Monitoring intracellular metabolite concentrations by moving horizon estimation based on kinetic modeling

Abstract

The biotechnology industry can significantly benefit from new paradigms such as smart manufacturing, digitalization and quality-by-design to render more competitive and robust processes. Real-time monitoring of key process parameters and performance indicators can facilitate the transition toward smart biomanufacturing. Since cells are typically used to catalyze biotechnological processes, online monitoring of the cell's health and intracellular metabolic status is of interest to the bioprocess industry. However, intracellular monitoring is challenging due to the intrinsic physical limitation imposed by the cell wall/membrane and the long time required for analytical measurements. This work outlines how soft sensors based on moving horizon estimation allow inferring the intracellular metabolite concentrations in bioprocesses, even for advanced or complex metabolic systems.

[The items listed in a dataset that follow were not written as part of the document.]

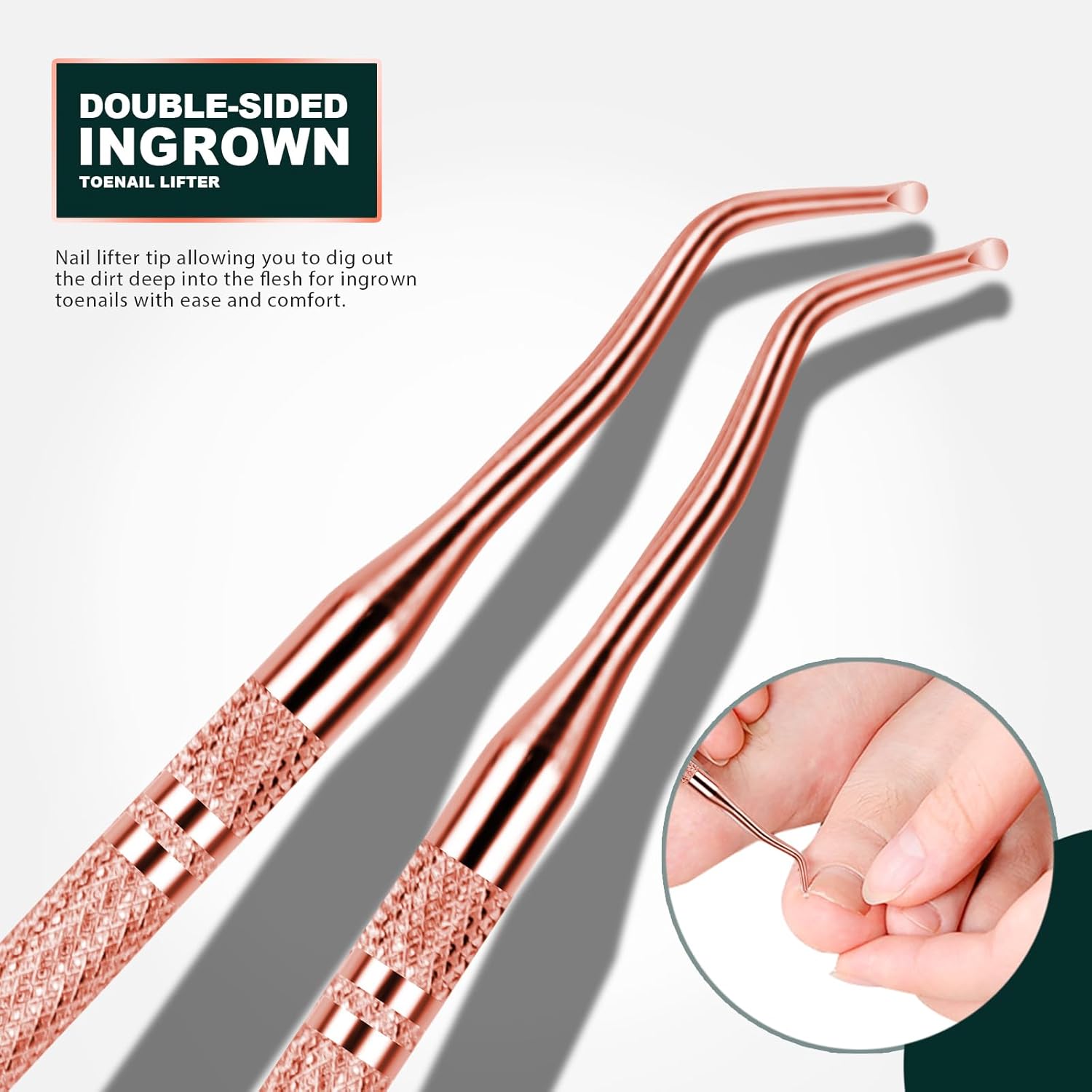 - Upgraded Ingrown Toenail Lifters Of 2 Designs: We offer an angled toenail lifter (6.49 inch long), and a straight lifter (5.20 inch long), 2 different styles of lifter can meet all your need, help lift the corners of the nail to better get beneath it to remove the buildup, allow you to remove bad stubborn ingrown toe nail with ease, the little spoon-like ends work great for cleaning & removing old, dry skin
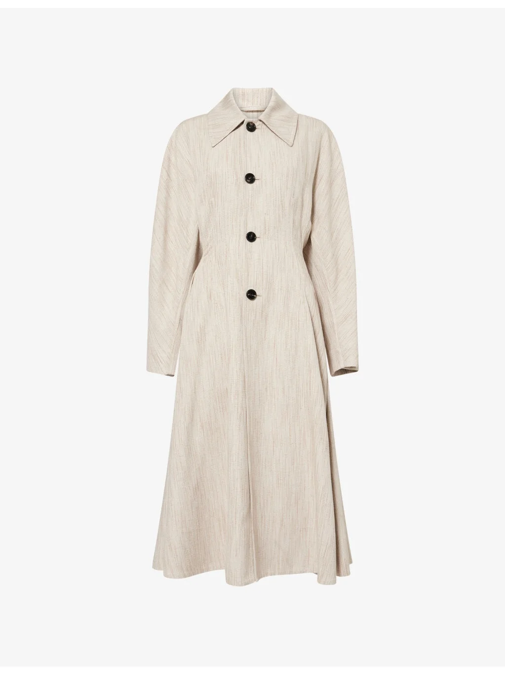 PRODUCT DETAILS - Bottega Veneta viscose-silk coat - 56% viscose, 36% polyester, 8% silk - Button fastening - Regular fit, spread collar, long sleeves, pockets at front, textured weave, longline, lined - Dry clean only - True to size - Size UK 8: length 46in / 117cm - Model is 5ft 10in/1.78m and wears a size UK 8 - Midweight, non-stretch Ref: R04462023
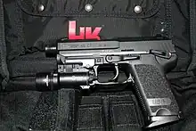 The USP Tactical (9mm Parabellum, .40 S&W, .45 ACP) incorporates fully adjustable suppressor height sights, an extended, threaded barrel with O-ring, and a match grade trigger with adjustable trigger stop. Prior to 2015, there was no USP Tactical model in 9mm. Instead, HK offered the regular "USP9" variant with an extended, threaded barrel and suppressor height sights as the "USP9SD" model.[8] Sound suppressors designed for the USP Tactical are available from Brügger & Thomet and Knight's Armament. A unique characteristic of the USP Tactical is that the barrel is left-hand threaded (counter-clockwise to tighten), which makes the pistol incompatible with suppressors designed for the MK23 Mod 0.[9]

For example, it can be applied for monitoring metabolic cybergenetic systems, whereby metabolic pathways are dynamically regulated via genetic circuits and external inputs. The moving horizon estimator uses a kinetic model of the central carbon and energy metabolism that describes the dynamics of the intracellular metabolites. We underline the use of moving horizon estimation considering the anaerobic fermentation of Escherichia coli with optogenetic regulation of the adenosine triphosphate turnover. With the information on the extracellular substrate, product and biomass concentrations, we could reconstruct the internal cell's metabolic state with a good performance.